> Data provided
**********

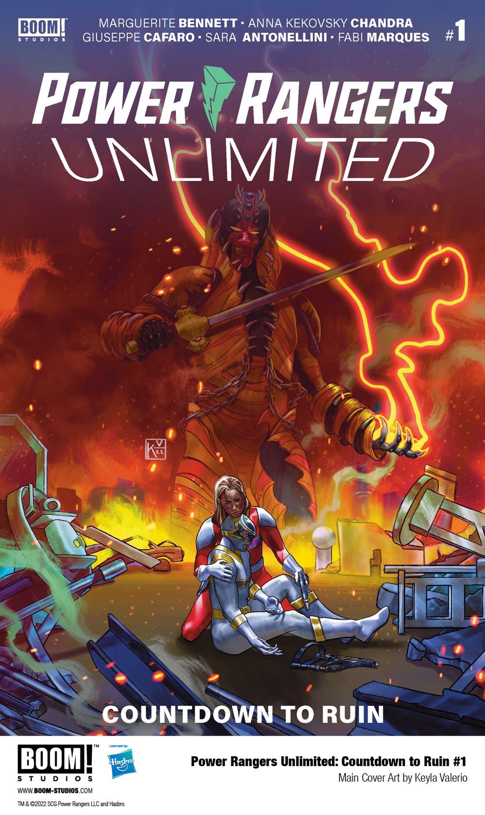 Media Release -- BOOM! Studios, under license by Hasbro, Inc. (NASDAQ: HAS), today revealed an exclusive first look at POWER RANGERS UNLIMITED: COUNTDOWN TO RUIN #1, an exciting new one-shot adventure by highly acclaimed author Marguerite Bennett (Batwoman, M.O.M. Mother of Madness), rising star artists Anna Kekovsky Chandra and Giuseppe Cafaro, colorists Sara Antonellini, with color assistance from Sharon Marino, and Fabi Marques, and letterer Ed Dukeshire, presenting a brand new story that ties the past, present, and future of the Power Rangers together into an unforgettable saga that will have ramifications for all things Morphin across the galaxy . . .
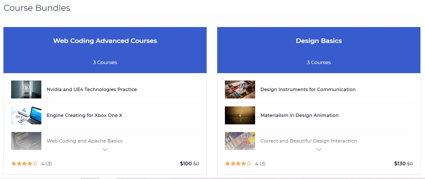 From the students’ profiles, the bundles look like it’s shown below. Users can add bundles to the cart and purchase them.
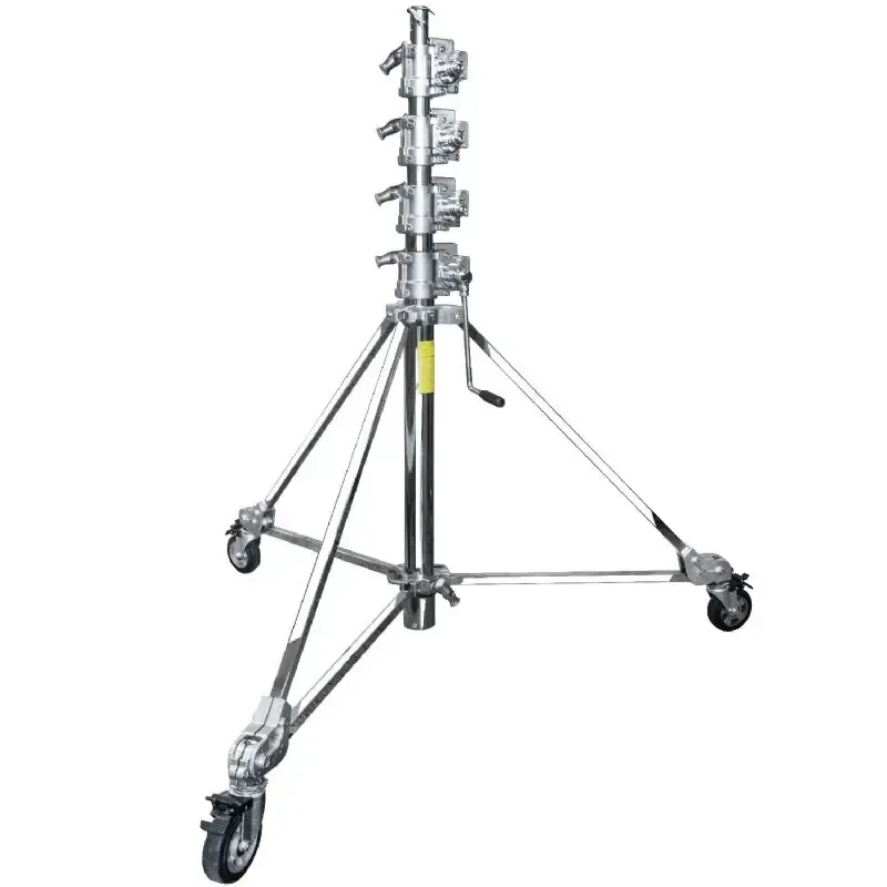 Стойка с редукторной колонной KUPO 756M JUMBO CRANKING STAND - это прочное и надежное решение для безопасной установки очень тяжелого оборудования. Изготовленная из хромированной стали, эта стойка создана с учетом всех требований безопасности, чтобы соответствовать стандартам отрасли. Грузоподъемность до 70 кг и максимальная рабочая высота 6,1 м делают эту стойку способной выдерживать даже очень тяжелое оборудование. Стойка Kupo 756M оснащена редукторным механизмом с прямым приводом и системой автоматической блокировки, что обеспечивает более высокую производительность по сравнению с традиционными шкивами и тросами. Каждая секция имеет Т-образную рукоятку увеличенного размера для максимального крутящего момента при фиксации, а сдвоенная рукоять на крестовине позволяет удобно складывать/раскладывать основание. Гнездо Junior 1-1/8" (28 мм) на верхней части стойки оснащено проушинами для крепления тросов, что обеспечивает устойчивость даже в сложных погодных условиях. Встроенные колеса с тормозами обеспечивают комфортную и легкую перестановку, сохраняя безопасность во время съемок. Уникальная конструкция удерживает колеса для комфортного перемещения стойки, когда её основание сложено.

**********

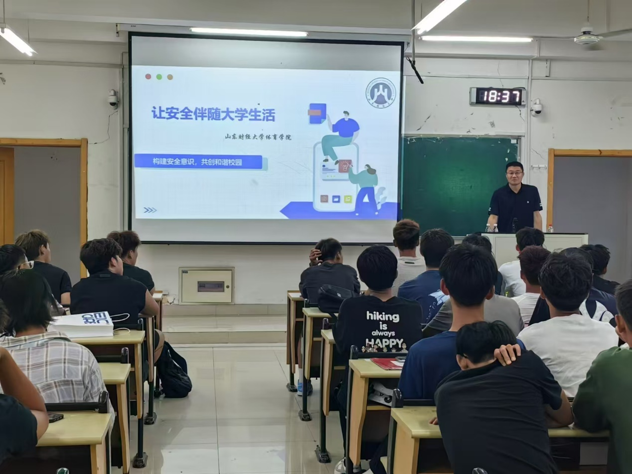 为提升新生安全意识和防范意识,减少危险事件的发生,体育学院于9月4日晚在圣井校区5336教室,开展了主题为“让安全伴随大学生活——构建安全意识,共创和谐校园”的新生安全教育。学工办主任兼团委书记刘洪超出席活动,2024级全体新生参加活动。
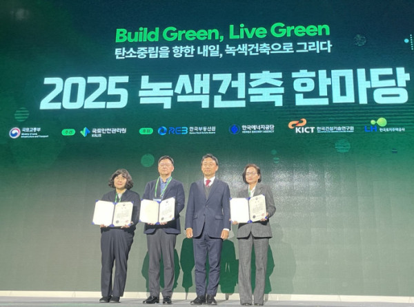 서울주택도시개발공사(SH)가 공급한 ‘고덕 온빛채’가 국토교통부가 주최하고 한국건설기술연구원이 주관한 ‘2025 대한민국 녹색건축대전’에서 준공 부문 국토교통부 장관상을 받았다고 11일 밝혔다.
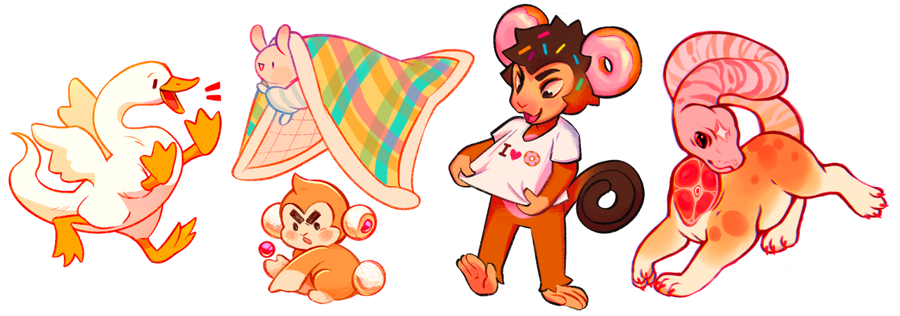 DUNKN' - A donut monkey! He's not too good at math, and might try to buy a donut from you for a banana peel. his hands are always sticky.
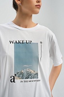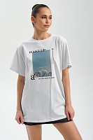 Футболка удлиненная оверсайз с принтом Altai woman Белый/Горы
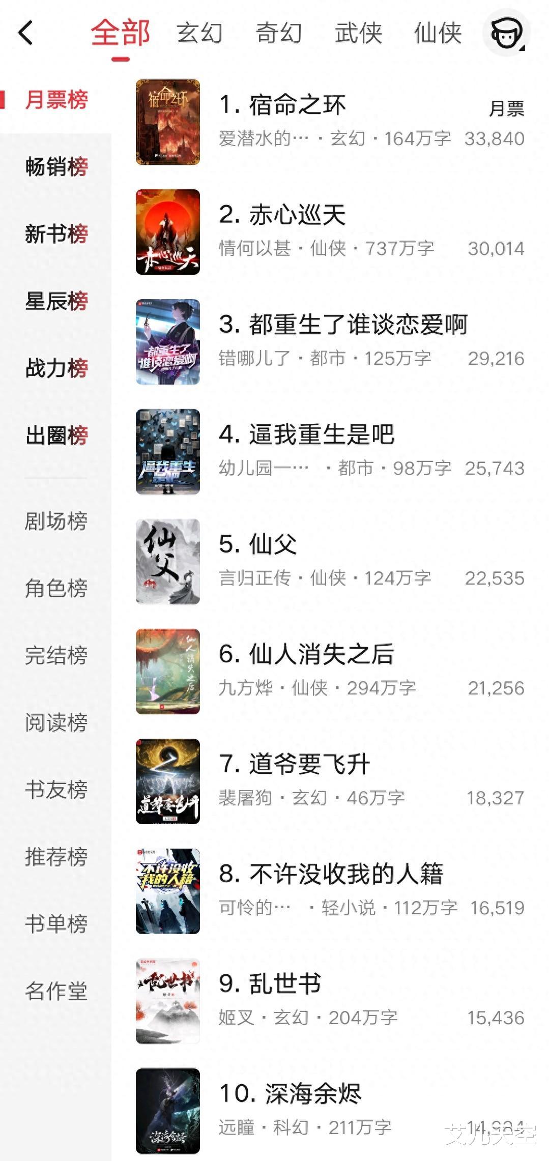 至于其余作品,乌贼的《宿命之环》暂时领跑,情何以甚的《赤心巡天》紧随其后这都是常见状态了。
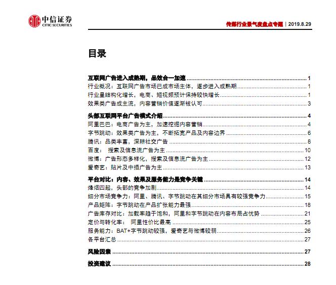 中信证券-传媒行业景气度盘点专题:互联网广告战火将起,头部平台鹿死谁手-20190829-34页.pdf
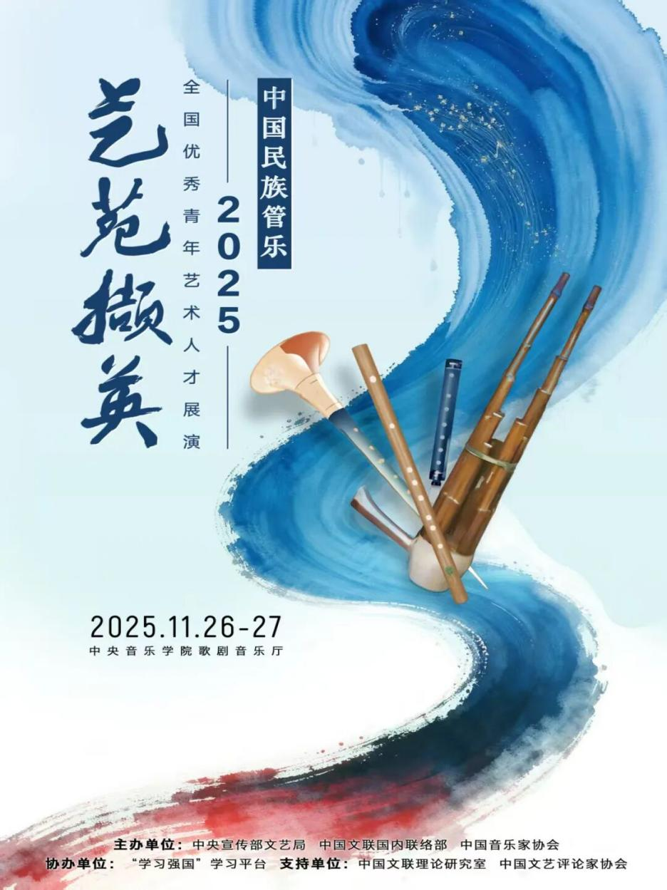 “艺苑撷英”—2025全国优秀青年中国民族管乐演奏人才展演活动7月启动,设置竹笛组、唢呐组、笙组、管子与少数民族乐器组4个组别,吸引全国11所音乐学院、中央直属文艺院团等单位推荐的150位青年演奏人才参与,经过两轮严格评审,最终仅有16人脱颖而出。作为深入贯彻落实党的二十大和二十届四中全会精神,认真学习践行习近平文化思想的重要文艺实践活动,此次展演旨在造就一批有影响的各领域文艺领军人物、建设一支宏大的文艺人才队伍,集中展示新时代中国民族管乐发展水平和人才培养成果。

**********

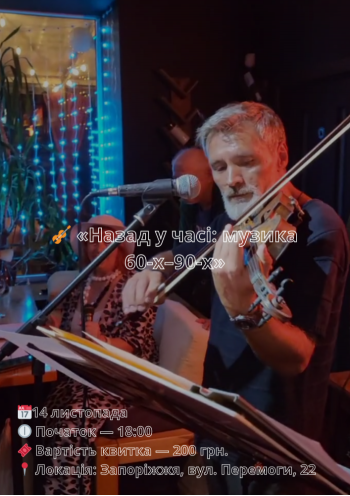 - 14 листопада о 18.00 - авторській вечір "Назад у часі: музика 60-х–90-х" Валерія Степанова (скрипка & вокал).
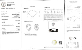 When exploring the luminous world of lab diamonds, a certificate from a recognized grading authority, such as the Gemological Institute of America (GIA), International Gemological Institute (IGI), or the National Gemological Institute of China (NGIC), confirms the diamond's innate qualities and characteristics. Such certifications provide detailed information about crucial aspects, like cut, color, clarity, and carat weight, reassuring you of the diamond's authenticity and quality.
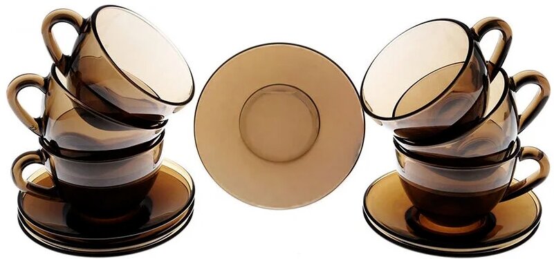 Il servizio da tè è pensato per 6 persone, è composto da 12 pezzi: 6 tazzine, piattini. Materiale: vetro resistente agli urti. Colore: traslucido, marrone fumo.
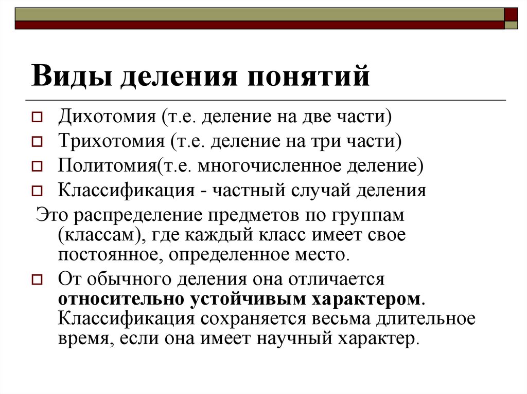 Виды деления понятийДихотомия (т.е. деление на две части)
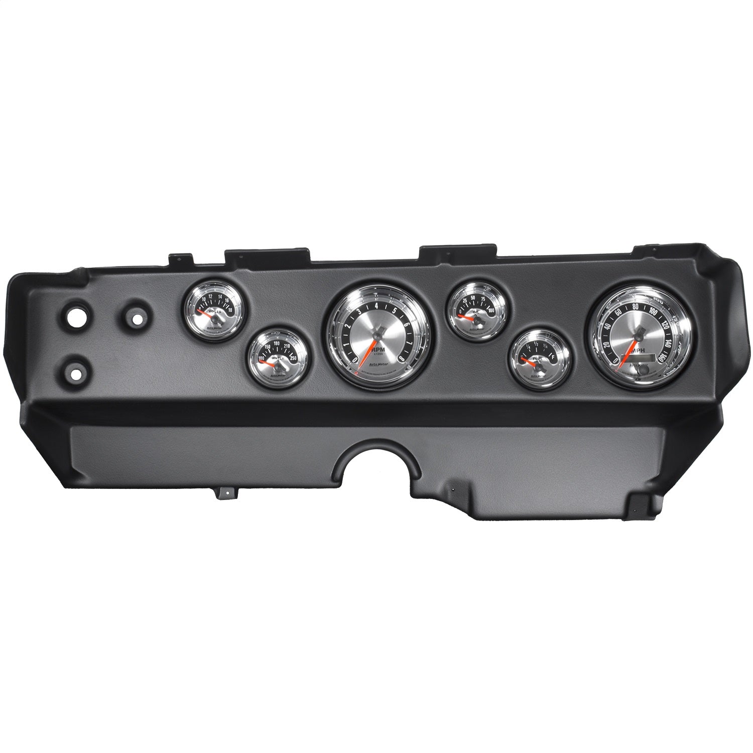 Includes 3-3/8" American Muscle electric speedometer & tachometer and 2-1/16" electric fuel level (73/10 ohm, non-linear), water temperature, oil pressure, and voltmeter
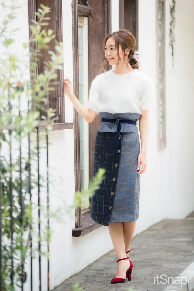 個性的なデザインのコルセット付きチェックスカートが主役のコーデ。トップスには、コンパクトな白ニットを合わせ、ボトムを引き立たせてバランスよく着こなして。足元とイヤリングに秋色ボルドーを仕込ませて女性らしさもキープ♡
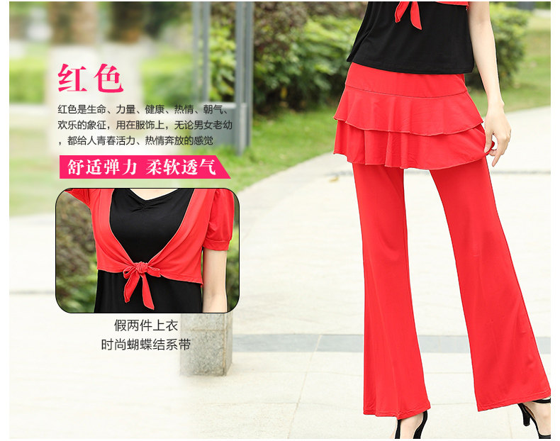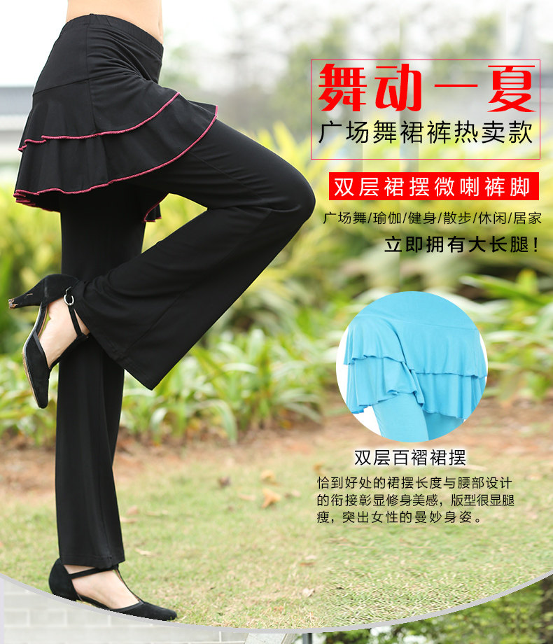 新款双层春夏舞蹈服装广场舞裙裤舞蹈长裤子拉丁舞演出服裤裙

**********

> Work item
Now transcribe the lines above exactly, starting at the line containing "Media Release -- BOOM!" and ending at the line containing "From the students’", both lines included, pictures excluded.

> Exercise output
 Media Release -- BOOM! Studios, under license by Hasbro, Inc. (NASDAQ: HAS), today revealed an exclusive first look at POWER RANGERS UNLIMITED: COUNTDOWN TO RUIN #1, an exciting new one-shot adventure by highly acclaimed author Marguerite Bennett (Batwoman, M.O.M. Mother of Madness), rising star artists Anna Kekovsky Chandra and Giuseppe Cafaro, colorists Sara Antonellini, with color assistance from Sharon Marino, and Fabi Marques, and letterer Ed Dukeshire, presenting a brand new story that ties the past, present, and future of the Power Rangers together into an unforgettable saga that will have ramifications for all things Morphin across the galaxy . . .
 From the students’ profiles, the bundles look like it’s shown below. Users can add bundles to the cart and purchase them.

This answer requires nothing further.